EXERCISE REQUIREMENTS: Whatever pictures appear, omit them, and repeat the data below exactly.

SOURCE MATERIAL:
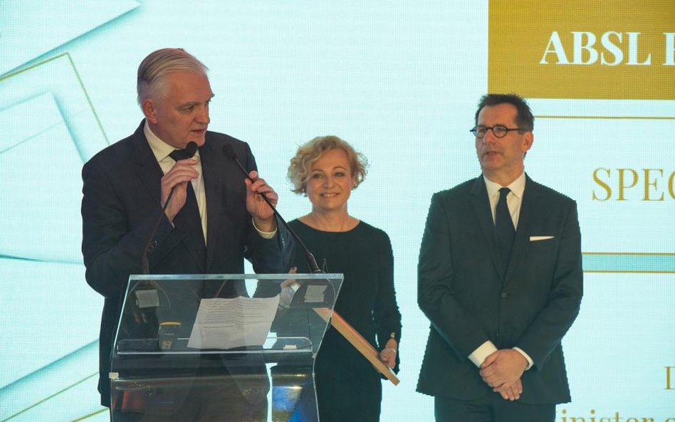 Jarosław Gowin odebrał podczas czwartkowej Gali ABSL wyróżnienie specjalne za znaczące zasługi w budowaniu dialogu między rządem a pracodawcami, wspierającego rozwój innowacyjnej gospodarki. Pod tą oficjalną formułą kryje się wdzięczność sektora nowoczesnych usług dla biznesu (BSS) za zdecydowany sprzeciw wicepremiera i ministra nauki wobec zniesienia limitu 30-krotności składek na ZUS- co dotkliwie uderzyłoby w firmy z tej branży ograniczając jej rozwój.
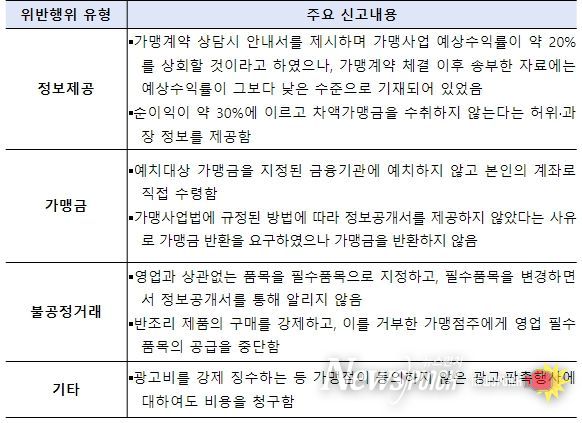 지방사무소는 4월부터 각 신고 건에 대해 필요한 경우 현장조사를 실시하는 등 집중적으로 조사를 진행할 예정이다. 특히 신고 등을 통해 많은 어려움을 호소하고 있는 ▲가맹희망자에게 정보공개서를 제공하지 않고 가맹계약을 체결하는 행위, ▲예상매출액 범위 관련 허위·과장된 정보를 제공하는 행위, ▲가맹금 예치·반환 의무 위반행위, ▲필수품목을 과도하게 지정하고 가맹본부로부터 구매할 것을 강제하는 행위, ▲다수 가맹점주 사전동의 없이 판촉행사를 실시하면서 가맹점주에게 비용을 부담시키는 행위 등을 중심으로 법위반 여부를 면밀히 살펴본 후, 법위반이 확인된 업체는 7월까지 필요한 조치(안건상정 등)를 신속히 마무리할 계획이다.
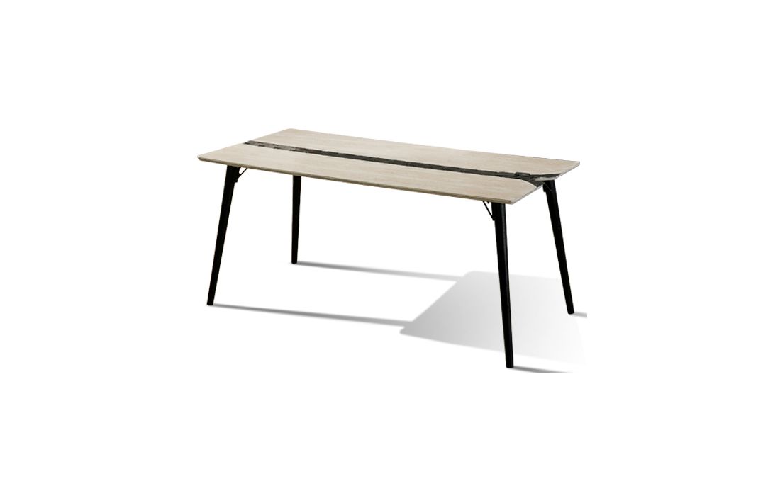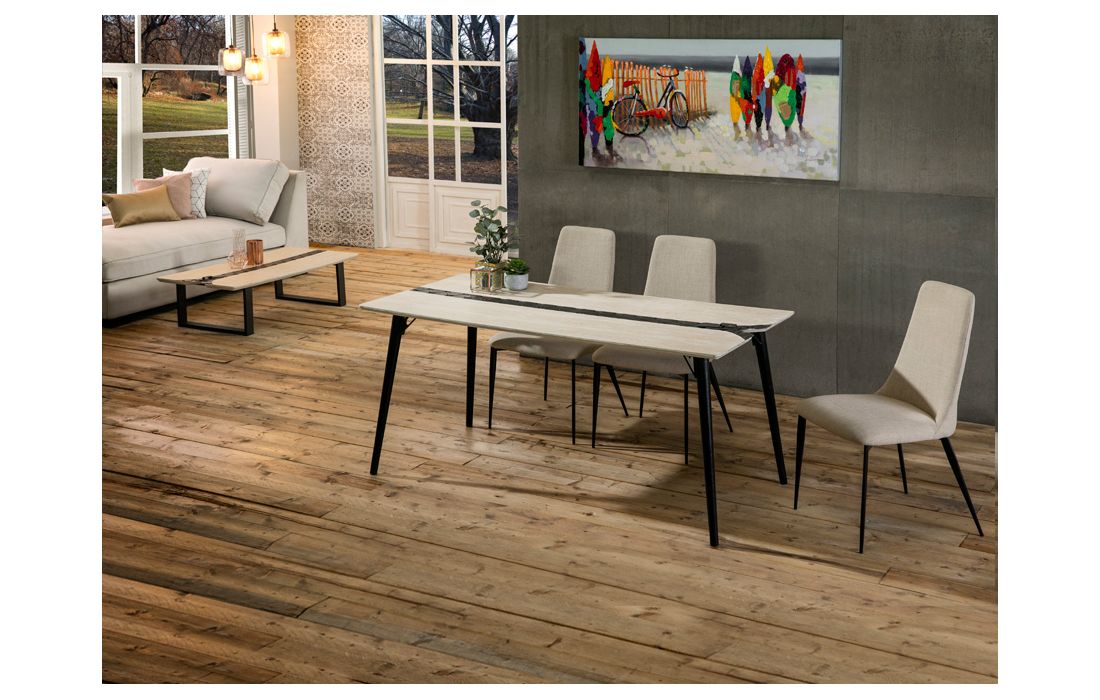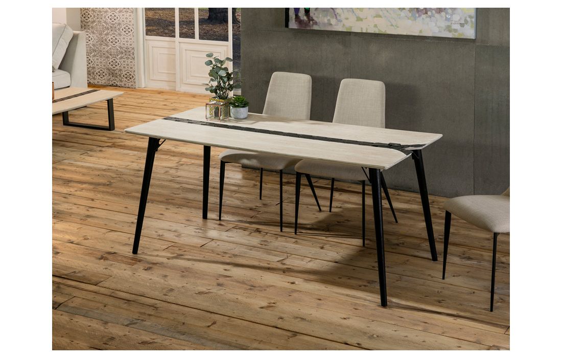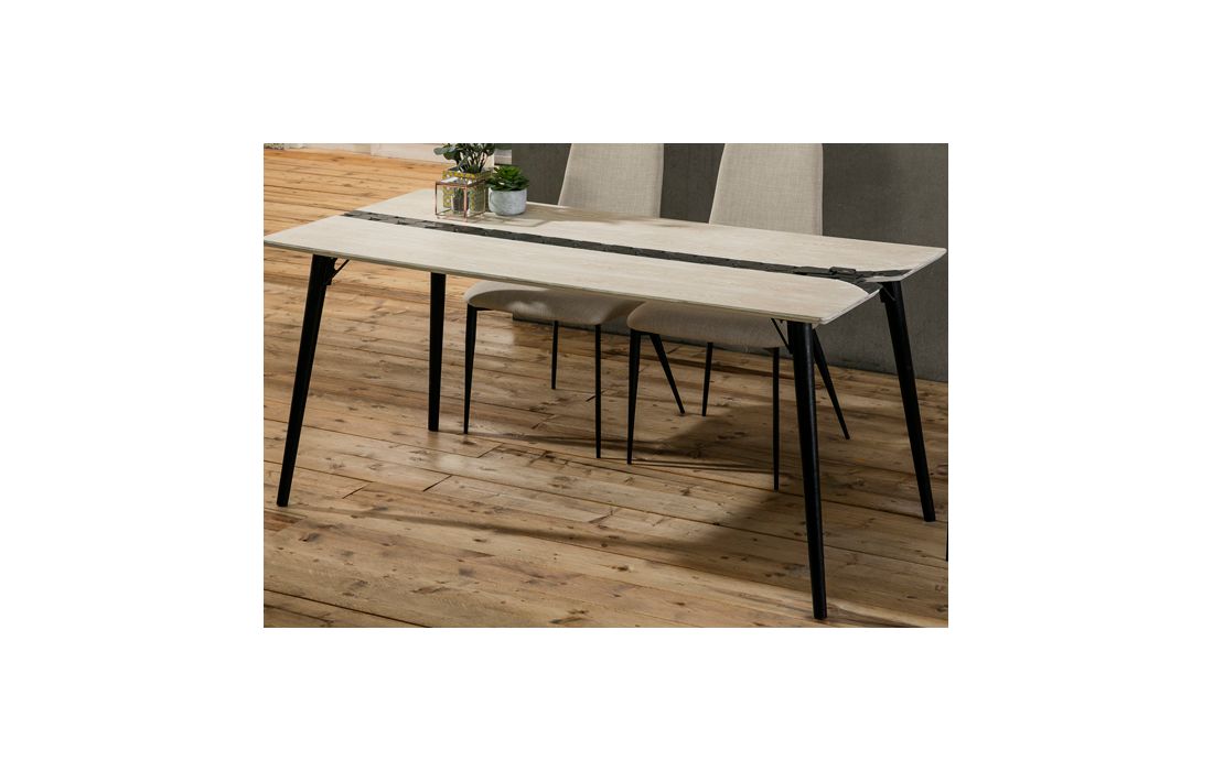 Table industrial aesthetic dining room in wood and MDF veneer in Fresno. Top with natural finish with white patina. Decorative rack of iron and wooden feet, black finish.Recipient :

TASK ANSWER:
 Jarosław Gowin odebrał podczas czwartkowej Gali ABSL wyróżnienie specjalne za znaczące zasługi w budowaniu dialogu między rządem a pracodawcami, wspierającego rozwój innowacyjnej gospodarki. Pod tą oficjalną formułą kryje się wdzięczność sektora nowoczesnych usług dla biznesu (BSS) za zdecydowany sprzeciw wicepremiera i ministra nauki wobec zniesienia limitu 30-krotności składek na ZUS- co dotkliwie uderzyłoby w firmy z tej branży ograniczając jej rozwój.
 지방사무소는 4월부터 각 신고 건에 대해 필요한 경우 현장조사를 실시하는 등 집중적으로 조사를 진행할 예정이다. 특히 신고 등을 통해 많은 어려움을 호소하고 있는 ▲가맹희망자에게 정보공개서를 제공하지 않고 가맹계약을 체결하는 행위, ▲예상매출액 범위 관련 허위·과장된 정보를 제공하는 행위, ▲가맹금 예치·반환 의무 위반행위, ▲필수품목을 과도하게 지정하고 가맹본부로부터 구매할 것을 강제하는 행위, ▲다수 가맹점주 사전동의 없이 판촉행사를 실시하면서 가맹점주에게 비용을 부담시키는 행위 등을 중심으로 법위반 여부를 면밀히 살펴본 후, 법위반이 확인된 업체는 7월까지 필요한 조치(안건상정 등)를 신속히 마무리할 계획이다.
 Table industrial aesthetic dining room in wood and MDF veneer in Fresno. Top with natural finish with white patina. Decorative rack of iron and wooden feet, black finish.Recipient :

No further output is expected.